Discriminant Analysis and Factorial Multiple Splits in Recursive Partitioning for Data Mining

  • Authors:
  • Francesco Mola;Roberta Siciliano

  • Affiliations:
  • -;-

  • Venue:
  • MCS '02 Proceedings of the Third International Workshop on Multiple Classifier Systems
  • Year:
  • 2002

Quantified Score

Hi-index 0.00

Visualization

Abstract

The framework of this paper is supervised statistical learning in data mining.
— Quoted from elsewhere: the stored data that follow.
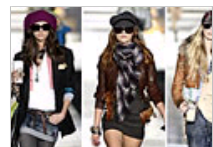
Fug Girls: Keep Homeless Celebrity Chic Off the Runways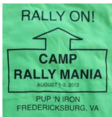
Taken from My Camp Tee-shirt

Pup 'n Iron Canine Fitness & Learning Center hosted the 2nd annual Camp Rally Mania in Fredericksburg, VA, August 1 – 3, 2013.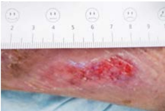
2. 08.11.2013 HydroClean® is removed and changeover to HydroTac® is carried out.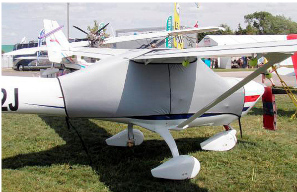
Jabiru Spandex FlyAway Travel Canopy Cover

Travel Covers are made with Silver Solution-Dyed Polyester fabric and only lined over the windshield to save weight. The material is lightweight and more compact for easy stowage in the aircraft. The polyester material is water resistant, but only intended for occasional use outside. We also have an ultra lightweight material available for fitted hangar dust covers. For daily outdoor use, the non-travel Sunbrella Cover is the best choice.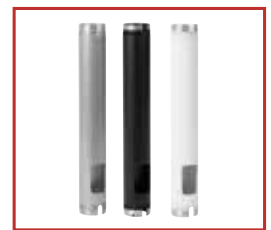
Available in silver, black or white to match displays, projectors and ceiling mount surfaces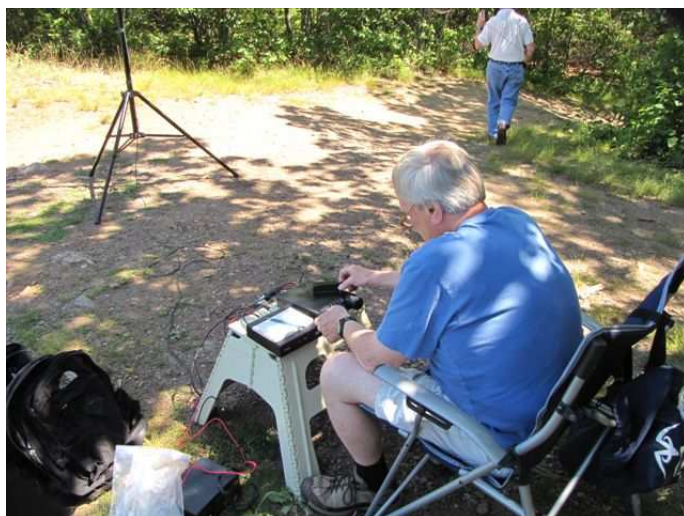
N1FJ + FT-857 + Palm Paddle + Battery = contacts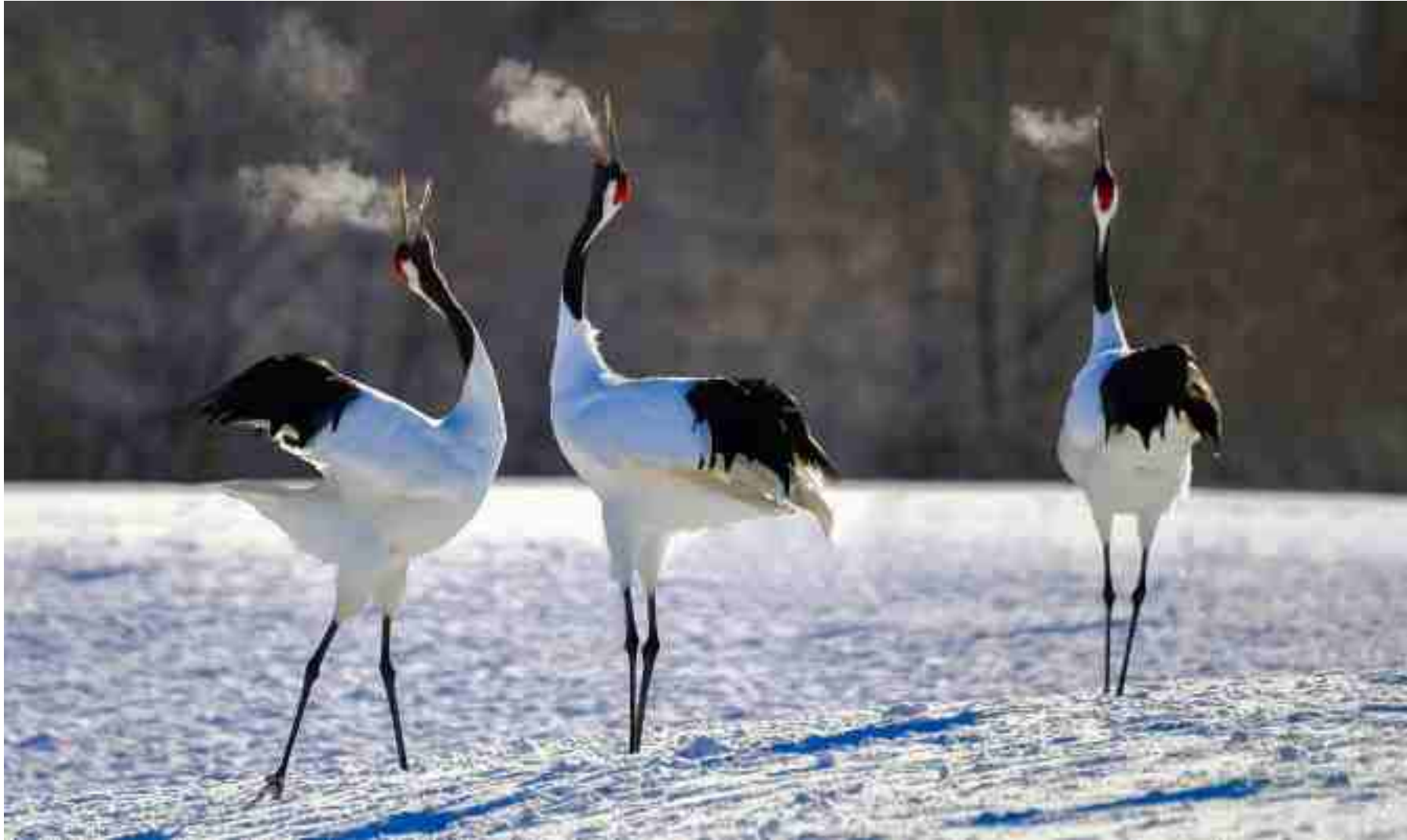
Club Silver | KOREA PHOTO ART | NATURE (ND) (DIGITAL) | Red-crowned Crane 01 | Young Chan Hyun | South Korea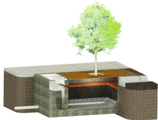
Bypass Weir Model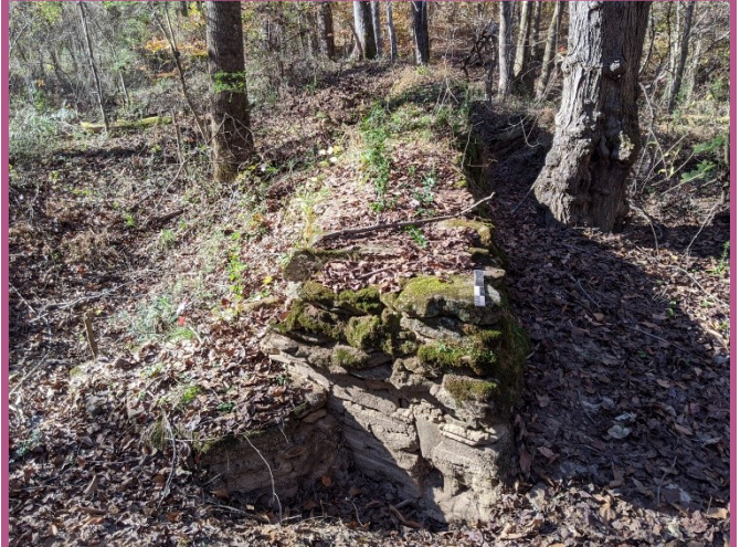
Feature 1, Mill Dam, at Hills Mill Site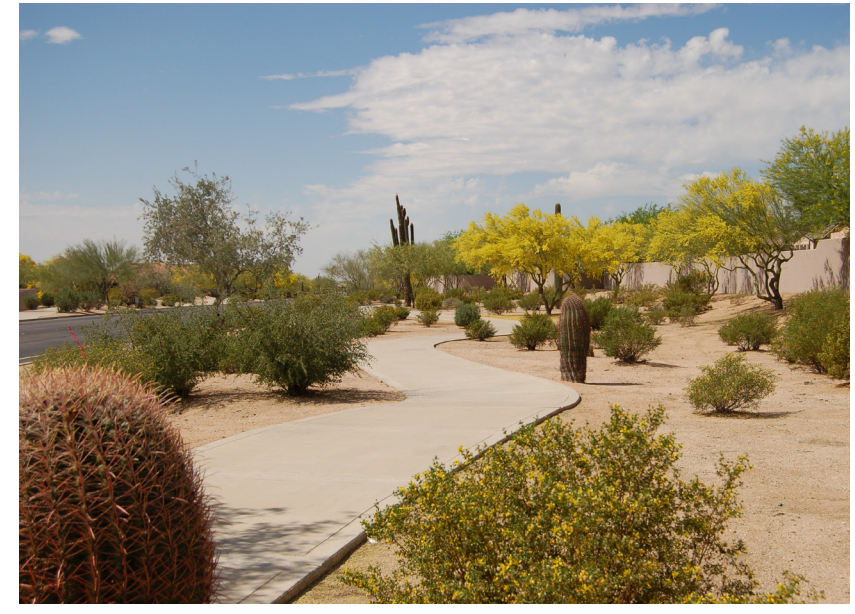
Xeriscape highlights plants that are native to and thrive in the Southwest region.

We encourage you to do your own research. Find out what your Community Association allows and if your city offers rebates for landscape conversion. Compare artificial turf companies, as each will have different costs,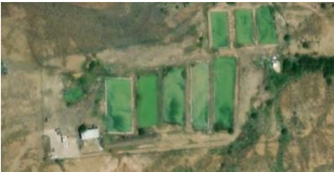
FIGURE 1 – LEEU-GAMKA WASTE WATER TREATMENT WORKS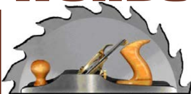
Kansas City Woodworkers' Guild

PUBLISHED BY THE KANSAS CITY WOODWORKERS GUILD ★ 3189 MERCIER ST ★ KANSAS CITY ★ MO ★ 64111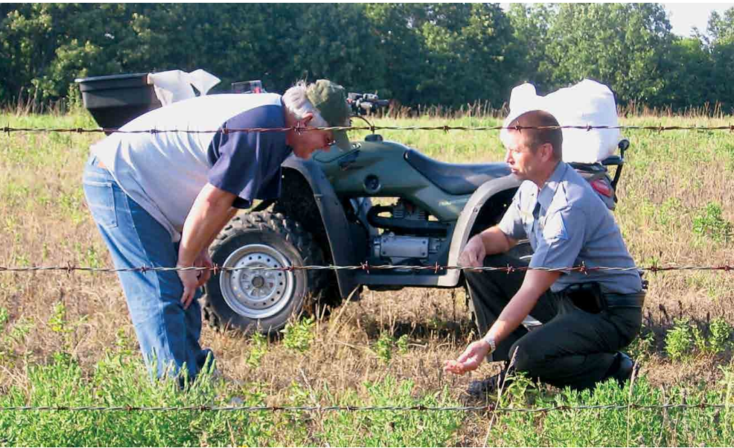
Agents visit with landowners individually and provide resource management assistance.

Management duties in wildlife, fisheries, and forestry are determined by the agent's assigned area. Wildlife management involves surveying wildlife populations, making landowner habitat improvement contacts, investigating wildlife damage complaints, and other wildlife-related duties. Duties in fisheries management include conducting pollution investigations, assisting in fish distribution, monitoring fish rescue efforts, advising landowners on lake and pond management, and other fisheries-related duties. Providing forestry development advice to private landowners and forest fire investigations are just a couple examples of the many responsibilities in forestry management.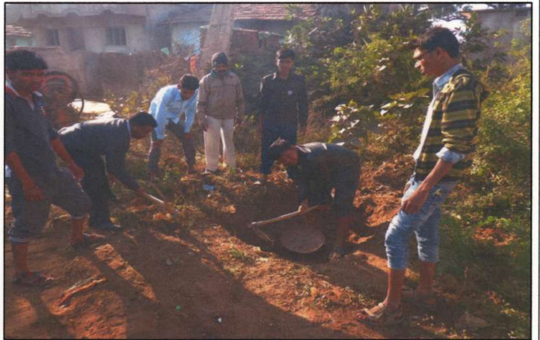
Volunteers of N.S.S. busy in Cleanliness Drive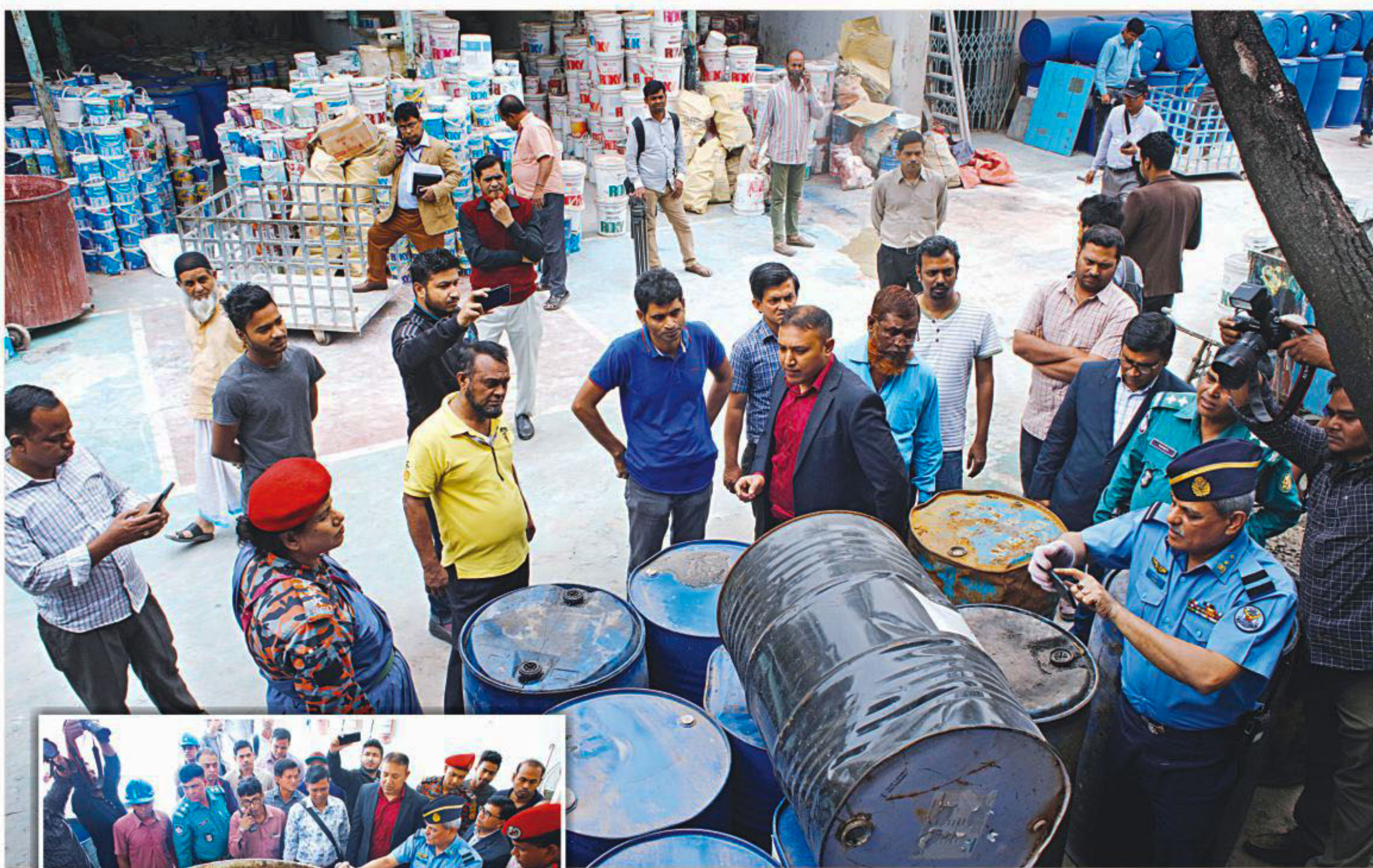
Members of the government taskforce conducting a drive against chemical warehouses in Old Dhaka inspect containers in front of a dye storage in Hazaribagh yesterday. Later in the day, the taskforce disconnected all utility connections to the storage.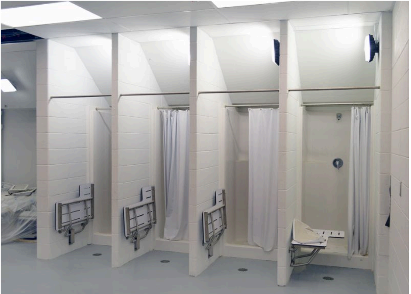
Adjoining locker and shower rooms were also fully renovated.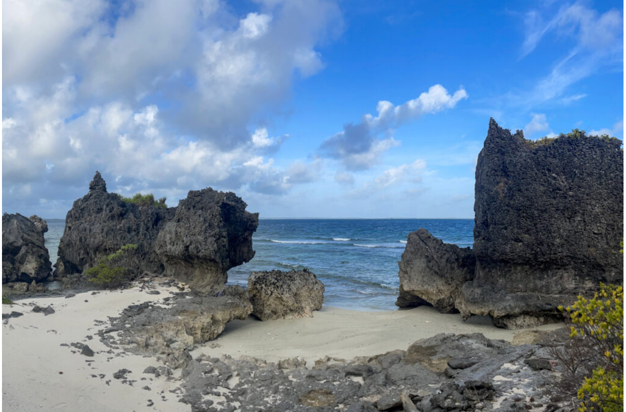
Eroded uplifted coral in the Banda Sea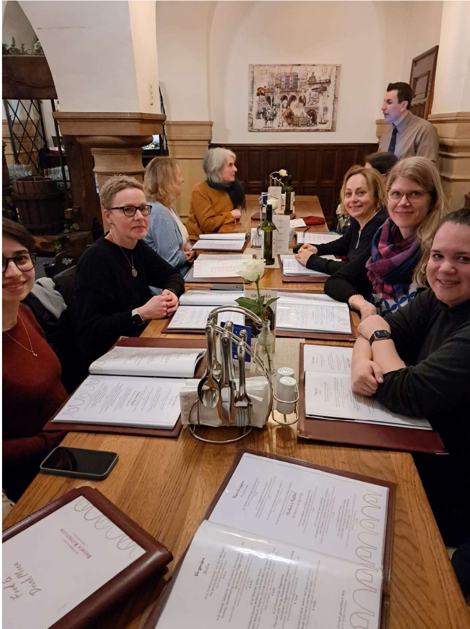
After the meeting on this day the participants had a chance to network and see the hosting city during a guided tour.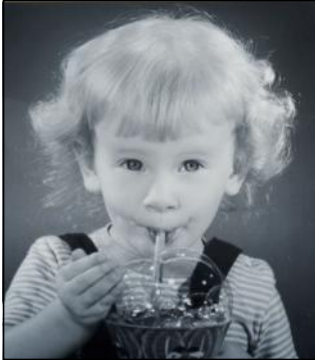
This little girl grew up to be???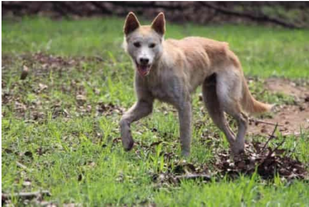
Dingo says hello on the way to the ANSA Nowra Convention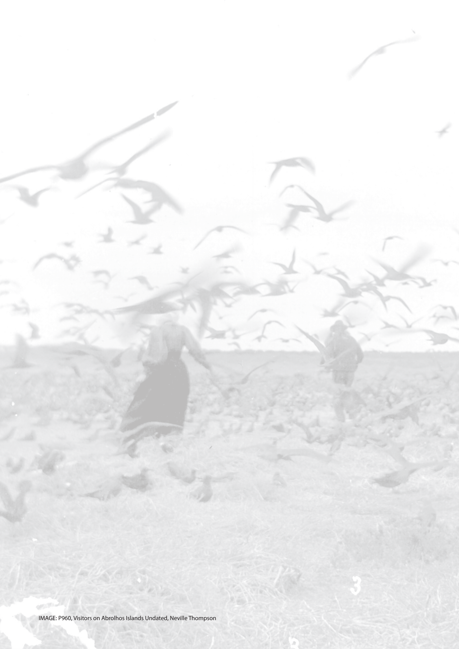
IMAGE: P960, Visitors on Abrolhos Islands Undated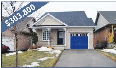
$303,800 GORGEOUS BUNGALOW 82 Doctor Moore - Open concept, living room w/vaulted ceiling to 3rd bedroom loft w/3pc ensuite, bright kitchen, quiet family court.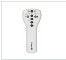
MA 1 handheld device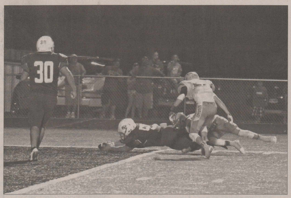
Sheri Baty for The News-Courier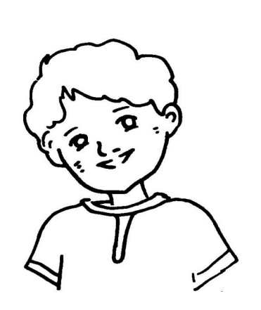
The Widow's Son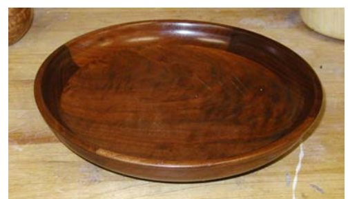
Nicely Done Segmented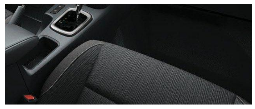
Black fabric with vertical pattern (FE20) SR5

A choice of two fabric and leather finishes are now available with a unified black instrument panel that delivers a fresh image.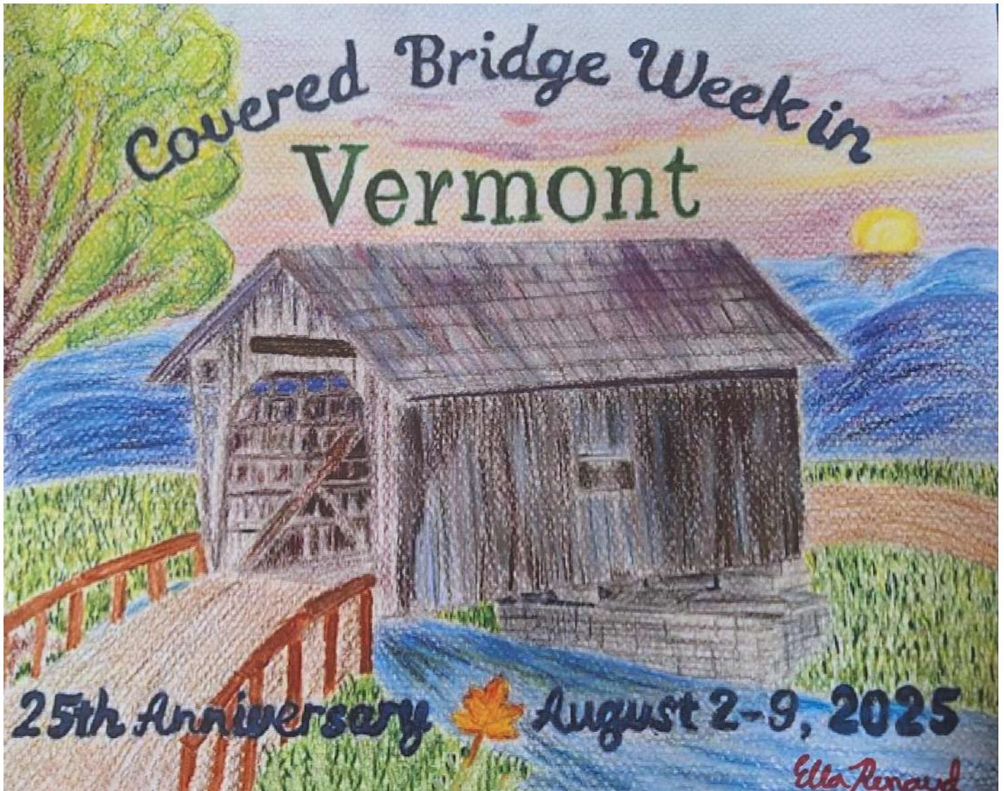
Winning poster from poster contest by Ella Renaud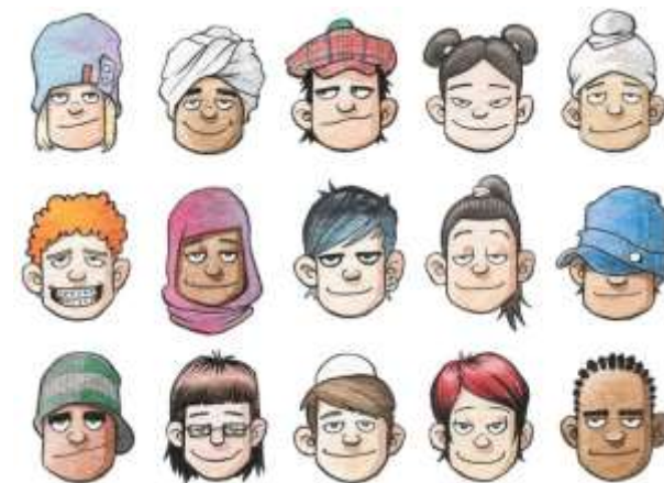
Article 1: Rights for everyone under 18

Who is Scotland's Independent Commissioner for Children and Young People and what is his role?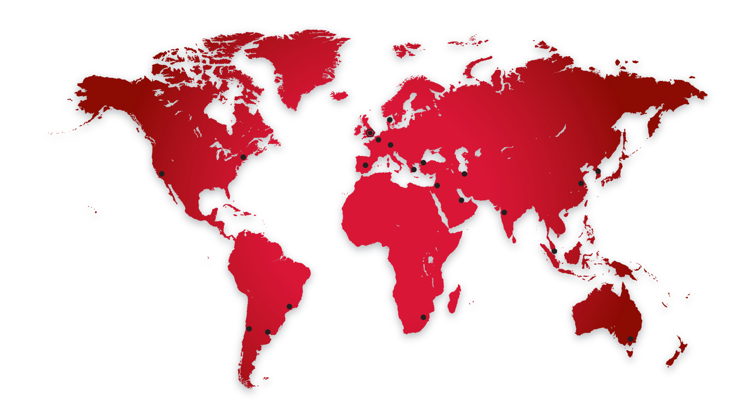
Asia • Europe • Middle East • Americas • Oceania • Africa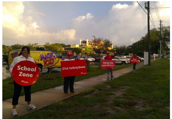
Lake Mary Safety Zone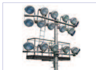
PFD30 - two 4800 bent crossarms 2.7m ladder - distance between rows 2m - 18 floodlights maxi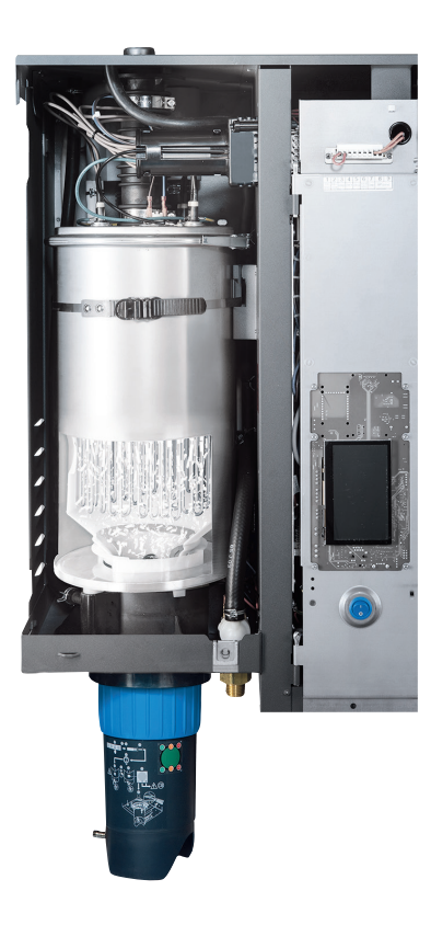
Scale detaches during heating cycles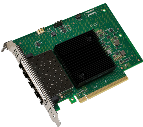
E810-XXVDA4 (Also available in low profile)

Intel® Ethernet Optics, and specification-compliant Active Optical Cables and Direct Attach Cables, can support multiple configurations.

In particular, multiple sets of inputs are used to predict an output on the basis of a training set. A typical data mining problem is to deal with large sets of within-groups correlated inputs compared to the number of observed objects. Standard tree-based procedures offer unstable and not interpretable solutions especially in case of complex relationships. For that multiple splits defined upon a suitable combination of inputs are required. This paper provides a methodology to build up a tree-based model which nodes splitting is due to factorial multiple splitting variables. A recursive partitioning algorithm is introduced considering a two-stage splitting criterion based on linear discriminant functions. As a result, an automated and fast procedure allows to look for factorial multiple splits able to capture suitable directions in the variability among the sets of inputs. Real world applications are discussed and the results of a simulation study are shown to describe fruitful properties of the proposed methodology.